Before beginning, let’s take Geetha’s question one more step.  Trainers, coaches, and others involved in leadership, professional development, training or performance support are responsible for facilitating behavioral change.  The question is not if, it’s how?  I think it starts with a deep understanding of the person: their motivations, beliefs and desires, as well as with the expectation of the culture and community in which they are embedded and it continues as a partnership. You may develop curricula materials and training programs based on the general needs of the population you’re targeting (like the inspirational program Geetha references), but I think facilitating behavioral change is person specific, long-term and personal.  This may not be an exclusive list, just a start.

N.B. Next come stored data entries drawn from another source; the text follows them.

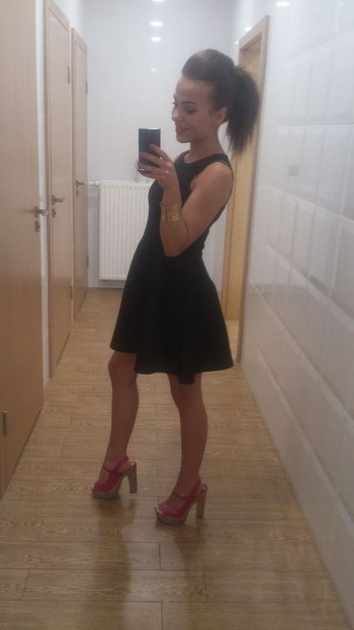 Damm sexy brunette going out in tight mini black dress and sparky heels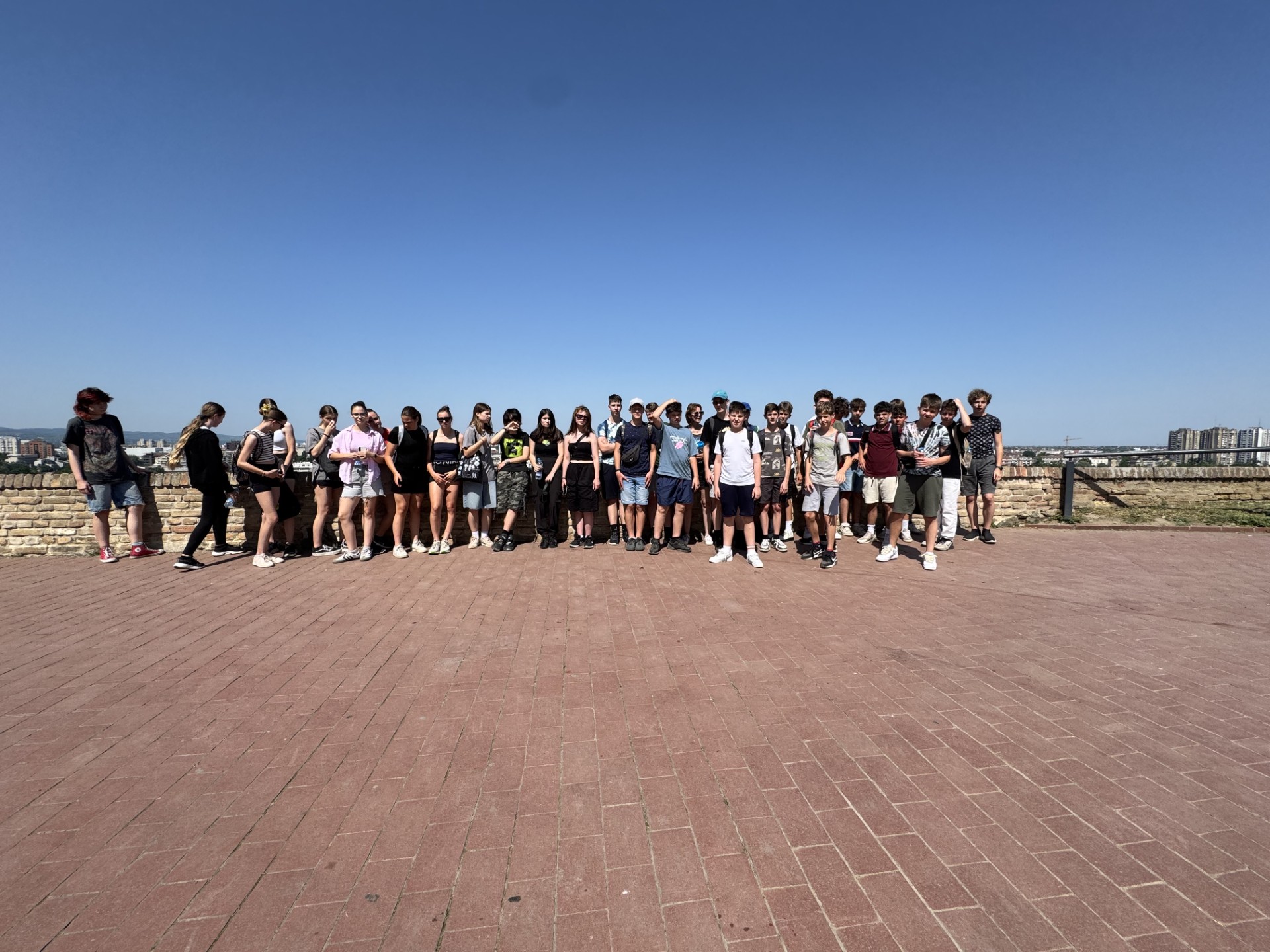 3. nap: 2025. június 5-én, kirándulásunk 3. napján kimozdultunk Óbecséről. Péterváradra utaztunk, ahol az egykori déli végvárrendszer megmaradt erődítményét látogattuk meg. A Duna fölé magasodó gyönyörű vár már messziről látható volt. Megnéztük a különleges óratornyot, a magasból csodálhattuk a várost. Körbejártuk a várat, felidéztük a történelemórán tanultakat a végvárrendszerről, valamint a várépítészetről, hiszen közelről láthattunk olasz bástyát. A legnagyobb élmény talán a vár alatt húzódó alagútrendszer, a kazamaták látogatása volt. Bár ez nem látogatható, de sikerült elérnünk, hogy egy kilométeres szakaszt megnézhettünk szerb idegenvezetővel. Béla bácsi kitűnő fordításának köszönhetően sok érdekes ismerettel gazdagodtunk a végvári katonák nehéz életéről, a föld alatti harci tevékenységről.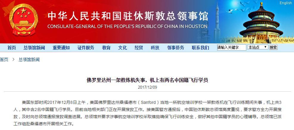 央视网消息:当地时间12月8号,美国佛罗里达州的一架小型商用教练机失事后坠入湖中,机上三人全部失踪,据称除教练之外的两名学员均为中国籍男性。目前美国联邦航空管理局和美国国家运输安全委员会都已经介入调查,尚未得出调查结果。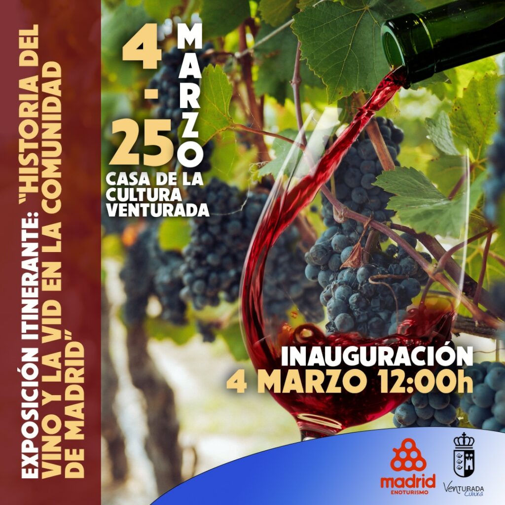 La Exposición Itinerante de la «Historia del Vino y laVid en la Comunidad de Madrid», llega a Venturada. Desde el martes, 4 de marzo hasta el 25 de marzo, se podrá visitar en el Casa de la Cultura de Venturada, en horario de lunes a viernes de 10:00 a 13:00h y de 17:00h a 20:00h.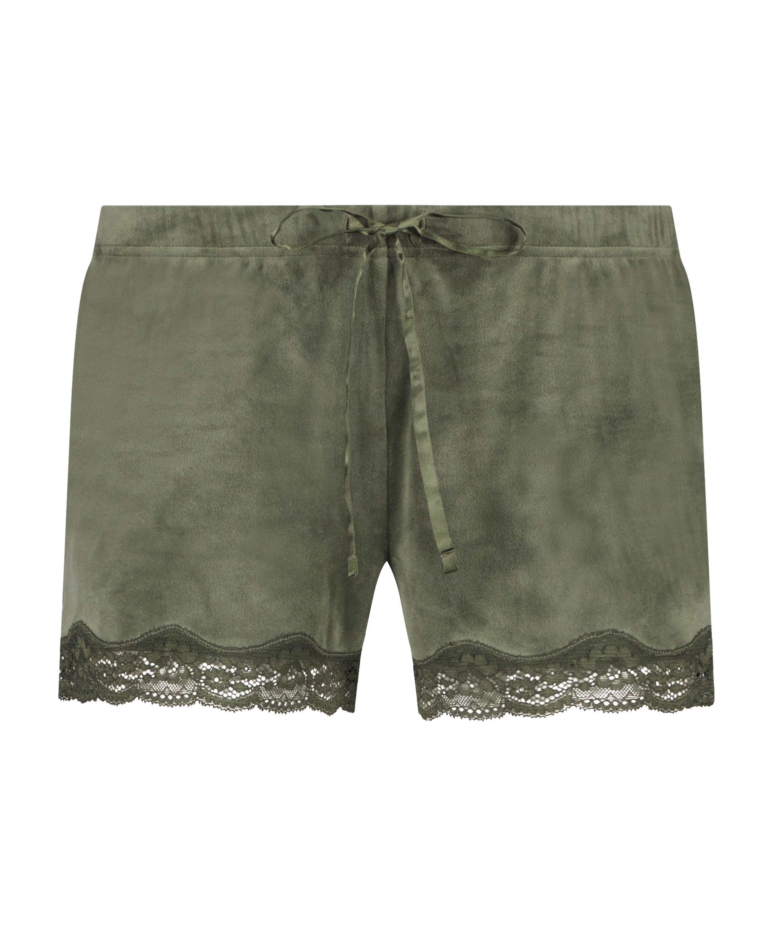 Feel super sexy and feminine in these soft shorts! The shorts are made of velvet fabric and finished with lace. Combine with matching items.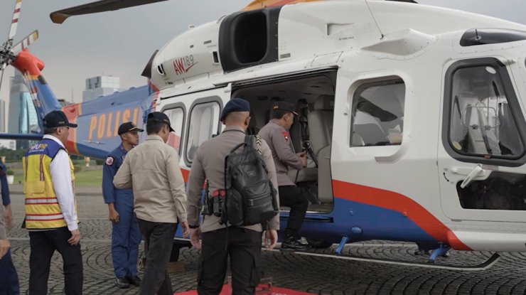 Menaiki helikopter, Sigit dan Hadi melihat langsung melalui pantauan udara kesiapan arus mudik Lebaran di Pelabuhan Merak Banten, Senin, 1 April 2024.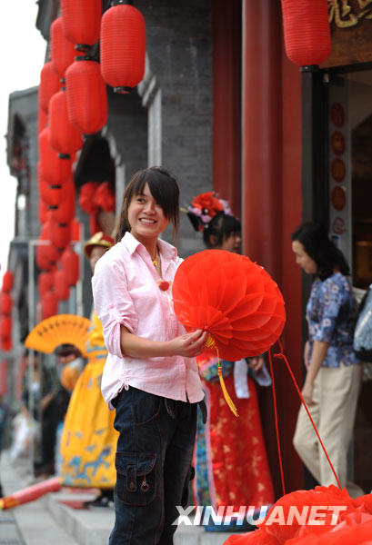 9月23日,北京前门大栅栏许多商铺张灯结彩,准备迎接本月28日的开市大庆。

Substitute Behavior: One of BF Skinners insights is that people are active.  You can’t stop behavior, people will still be active, you can only change behavior.  In Geetha’s initial discussions the question is; how do you get people to talk less in meetings and to substitute active listening and recording behaviors instead.  In addition to thinking about what you do not want people to do, give some thought to what else they could do instead.

Mediation: The psychological insight of Vygotsky and Leont’ev was that people can regulate their behavior through cultural mediation.  That is, we can use language (inner speech) and ideas to regulate our behavior and these ‘mediators’ originate in the social world around us.  In Geetha’s example, there was an original training session that provided the ideas and justification for changing the way a supervisor was interacting with the people under him.  These ideas (mediator) were reinforced by the person’s peer group and likely by the corporate hierarchy.  What we don’t know from Geetha’s example are the cultural community and social influences on this persons behavior.  I think Geetha correctly identifies that there are tools that help us to change behavior, there are hows and methods for making this change and there are whys and reasons we are motivated.  What I suggest is that these are all mediators and that they are formed in the social world, but the ones discussed are not the only ones.  There are many others, sometimes contradictory ones that are out there and it takes a deep understanding of the social situations to understand what is supporting behavior in a person’s social milieu.   It is not hierarchical either.  Pressures from subordinates can be as important as those from bosses.

Structure: I believe that behavioral changes that are functional are the most likely to be maintained.  What do I mean?  Consider a person who listened more and recorded what he learned during client meetings.  Suppose he would then follow up by regularly summarizing what he learned and would make that learning a part of his response to his clients.  If that improved his performance, especially as it is seen in the social milieu, it would be a strong motivating factor in maintaining his new behavior.  I believe people can do things out of habit.  Making the new behavior a functional improvement is one why to break out of a habit.

The long view: Prochaska, DiClemente & Norcross (1992) speaks of a reoccurring cycle when trying to change behavior.  (They were speaking of therapy for addictive behavior, but I think it is applicable to many types of behavioral change.)  Behavioral relapse is common.  It does not mean that behavior cannot change, just that the cycle of change must be repeated.  For any change that is important, I think we must be committed to a long-term view with repeated efforts. Any change process should anticipate relapse and the need for repeated efforts to change should be considered normal.

This rather long and wonkish post should be considered the first draft of an idea in response to an important question.  It is almost the history of psychology.  I am sure that much addition thought and revision needs to occur here.  I certainly welcome any comments.